Generally, a reduction in the number of reproduction channels (so-called “downmix”) is simpler to implement that an increase in the number of reproduction channels (“upmix”). For some standard loudspeaker reproduction setups, recommendations are provided by, for example, the ITU on how to downmix to reproduction setups with a lower number of reproduction channels. In these so-called “ITU” downmix equations, the output signals are derived as simple static linear combinations of input signals. Usually, a reduction of the number of reproduction channels leads to a degradation of the perceived spatial image, i.e. a degraded reproduction quality of a spatial audio signal.

For a possible benefit from a high number of reproduction channels or reproduction loudspeakers, upmixing techniques for specific types of conversions have been developed. An often investigated problem is how to convert 2-channel stereophonic audio for reproduction with 5-channel surround loudspeaker systems. One approach or implementation to such a 2-to-5 upmix is to use a so-called “matrix” decoder. Such decoders have become common to provide or upmix 5.1 multi-channel sound over stereo transmission infrastructures, especially in the early days of surround sound for movies and home theatres. The basic idea is to reproduce sound components which are in-phase in the stereo signal in the front of the sound image, and to put out-of-phase components into the rear loudspeakers. An alternative 2-to-5 upmixing method proposes to extract the ambient components of the stereo signal and to reproduce those components via the rear loudspeakers of the 5.1 setup. An approach following the same basic ideas on a perceptually more justified basis and using a mathematically more elegant implementation has been recently proposed by C. Faller in “Parametric Multi-channel Audio Coding: Synthesis of Coherence Cues”, IEEE Trans. On Speech and Audio Proc., vol. 14, no. 1, Jan. 2006.

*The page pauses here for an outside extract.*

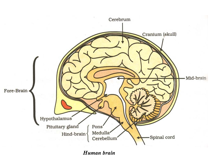 Q29. Draw a labeled diagram of human brain and write the functions of the following parts: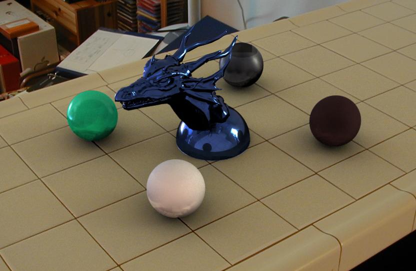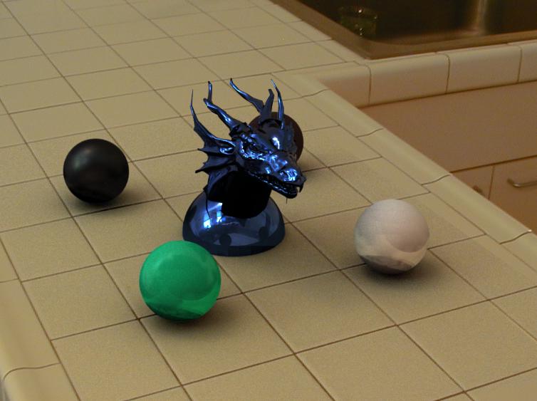 These above two scenes show how my image-based lighting implementation functions under two very different lighting conditions. The studio scene has four main light sources of different colours: two windows with sunlight shining in, and two overhead lights. This results in a various shadows in multiple directions, and multiple specular highlights on the plastic sphere and dragon. The Quad scene was taken on an overcast day, so the shadows are much softer and spread out. Both scenes would probably be reasonably difficult to reproduce without image-based lighting techniques.

The recently published standard MPEG surround performs an upmix from one or two downmixed and transmitted channels to the final channels used in reproduction or playback, which is usually 5.1. This is implemented either using spatial side information (side information similar to the BCC technique) or without side information, by using the phase relations between the two channels of a stereo downmix (“non-guided mode” or “enhanced matrix mode”).

All methods for format conversion described in the previous paragraphs are specialized to be applied to specific configurations of both the source and the destination audio reproduction format and are thus not universal. That is, a conversion between arbitrary input multi-channel representations to arbitrary output multi-channel representations cannot be performed. That is to say the prior art transformation techniques are specifically tailored to the number of loudspeakers and their precise position for the input multi-channel audio representation as well as for the output multi-channel representation.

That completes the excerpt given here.